Modernisation de la justice : Ouahbi décline les axes d’une réforme d’envergure internationale
LA VÉRITÉ
Le ministre de la Justice, Abdellatif Ouahbi, a récemment exposé une feuille de route ambitieuse visant à placer la coopération judiciaire internationale et la transformation numérique au cœur de la modernisation du système judiciaire marocain. Cette stratégie, présentée devant la Chambre des conseillers, répond aux impératifs de la mondialisation juridique et à la nécessité de sécuriser les flux juridiques transfrontaliers. Le Maroc s’engage ainsi dans une dynamique proactive, marquée par le renforcement de son arsenal conventionnel et l’adoption de technologies de pointe pour optimiser le service public de la justice.
Le volet diplomatique de cette réforme se traduit par une intensification des accords bilatéraux et multilatéraux. Avec cinquante-quatre conventions déjà activées et une vingtaine d’accords signés durant la législature actuelle, le Royaume consolide sa sécurité juridique. Ces accords couvrent un spectre large, allant de l’entraide judiciaire civile et commerciale à la coopération pénale. Dans le domaine civil, les pouvoirs publics mettent l’accent sur la protection des droits des Marocains résidant à l’étranger et veillent à l’adhésion aux standards de la Conférence de La Haye de droit international privé.
L’obtention, en mars 2025, de l’approbation pour l’ouverture d’un bureau régional de cette organisation à Rabat témoigne de la reconnaissance internationale du rôle de pivot du Maroc. Parallèlement, la gestion de dossiers sensibles tels que la kafala des enfants et la lutte contre les enlèvements internationaux demeure une priorité opérationnelle majeure.
Sur le plan pénal, le ministère promeut une « nouvelle génération » de conventions portant sur l’extradition, le transfèrement de condamnés et la lutte contre la traite des êtres humains. Cette volonté d’harmonisation s’étend également au cadre régional arabe et à des partenariats inédits avec des nations comme le Vietnam ou l’Irak. Au-delà des traités, c’est la mutation technologique qui constitue le moteur de cette modernisation. Pour le ministre, la justice numérique n’est plus une option mais un choix stratégique pour garantir l’efficacité et la transparence. Grâce à des partenariats avec le PNUD et la Commission européenne, le département de la justice déploie des systèmes de gestion intégrés permettant la dématérialisation complète du parcours judiciaire : du dépôt électronique des requêtes à l’exécution des décisions, en passant par le paiement à distance et les audiences par visioconférence.

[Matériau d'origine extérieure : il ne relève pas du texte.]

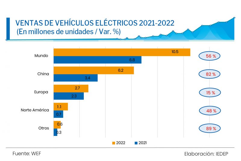 Según el Foro Económico Mundial, las ventas de vehículos eléctricos en el mundo al cierre de 2022 crecieron en 56 % con respecto a 2021. Tanto China (con un incremento del 82 %) como Europa (con un aumento del 15 %) son los mercados que concentran las mayores ventas a nivel global.

Enfin, cette transition s’accompagne d’un investissement massif dans les infrastructures informatiques et la cybersécurité. La protection des données judiciaires et la résilience face aux cyberattaques sont désormais intégrées dans la formation des cadres et la gestion des centres de données. En tissant un réseau dense de 24 accords avec des pays africains, 13 avec l’Europe et 17 avec l’Asie, le Maroc affirme sa volonté de devenir un carrefour judiciaire d’excellence, capable de répondre aux défis complexes du XXIe siècle tout en garantissant un accès simplifié et sécurisé à la justice pour l’ensemble des citoyens.